New Contributor
Posts: 5
Registered: ‎05-10-2017

Need Help: Ingest Huge + Small files combo in HDFS

Hi Everyone,


Appreciate your response to the following problem.


Problem Statement:

1. I have got 2 zip files (each of size 1 GB) stored at a directory on windows server.

2. Each zip file has 42 .dat files(5 files of 3-9 GB size range, 3 files of more than 128 MB (more than block size), rest of the files are in KB). These files have pipe delimited records that are actually table dump of sql server.

1 file has 1 table dump.

3. Incremental load is on daily basis. The files can be pushed to a SFTP location too.

4. I need to create an automated data ingestion pipeline for the same. Can anyone suggest the best way to do this?


Solution Approach (I could think of):

1. Get files(zipped) pushed to a SFTP server. Run a python script to pull and store on Edge node.

2. Unzip both zip files into local file system on edge node and run a shell/python script to pick file one by one and load using hdfs -put into HDFS.

3. Create Hive tables above it to be consumed by business users using Impala/PowerBI.

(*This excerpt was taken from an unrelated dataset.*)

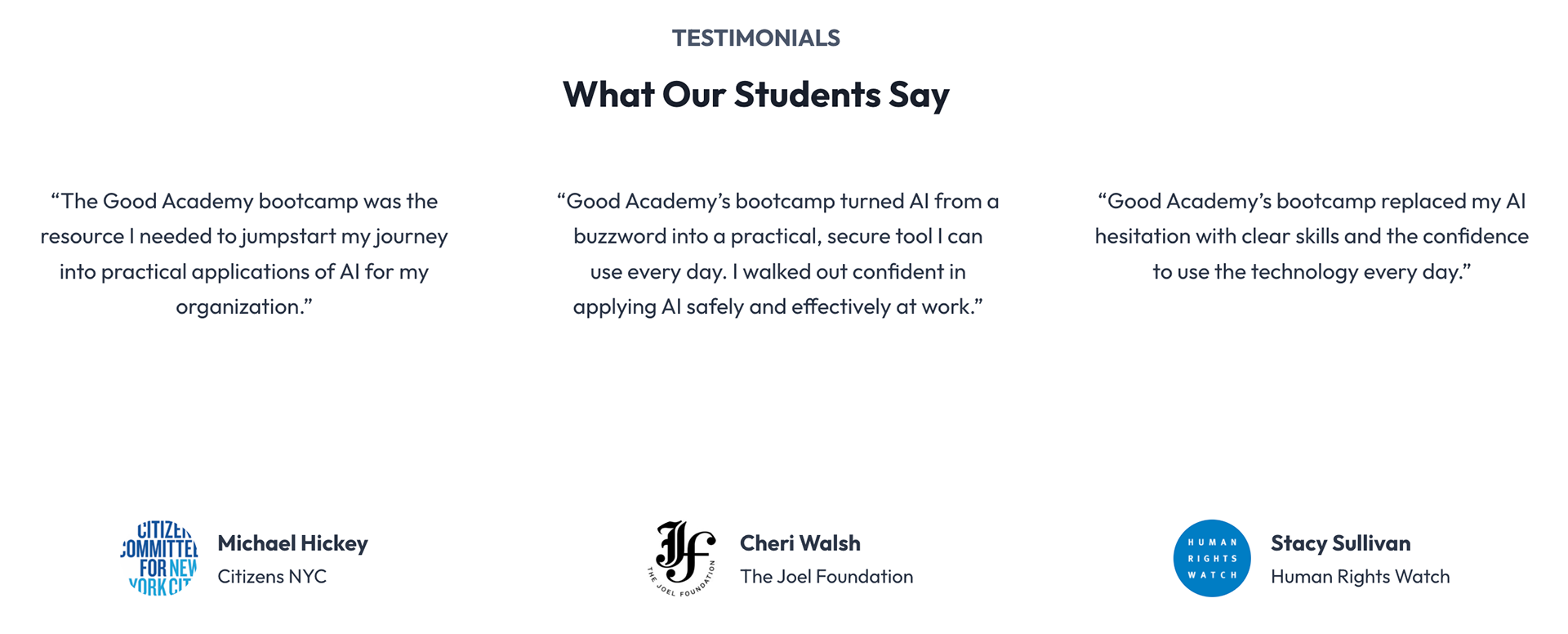 Good Academy is an AI education provider focused on empowering nonprofits and mission-driven organizations. Built on the core values of empowerment, accessibility, practicality, ethics, and curiosity - Good AI Academy is currently in its alpha stage and is focused on understanding client needs and exploring program structure. While currently offering three-week online synchronous bootcamps with live instructors, the organization's long-term vision is centered on developing an asynchronous online learning product in partnership with Charming Robot, a NYC-based design agency.

1. What is the best way to handle zip files. Ask source system to load it in unzipped at SFTP OR get it unzipped at Edge node local file system? Unzipping both zip files would create 84 files of total 40 GB in size.Remember I would be creating 84 Hive tables one for each file where the data would be appended for each incremental feed.


2. How should I handle small files in KBs. I don't think merge is an option since they are individual SQL table dump and there would be 1 hive table created for each and the business would like to do processing on them daily especially when they have Alteryx to do self service ETL.


3. I am not sure how fast will it be to first get data onto Edge node and then use hdfs -put considering the file size. Please suggest a better alternative. 


Note: Cluster is hosted on AWS.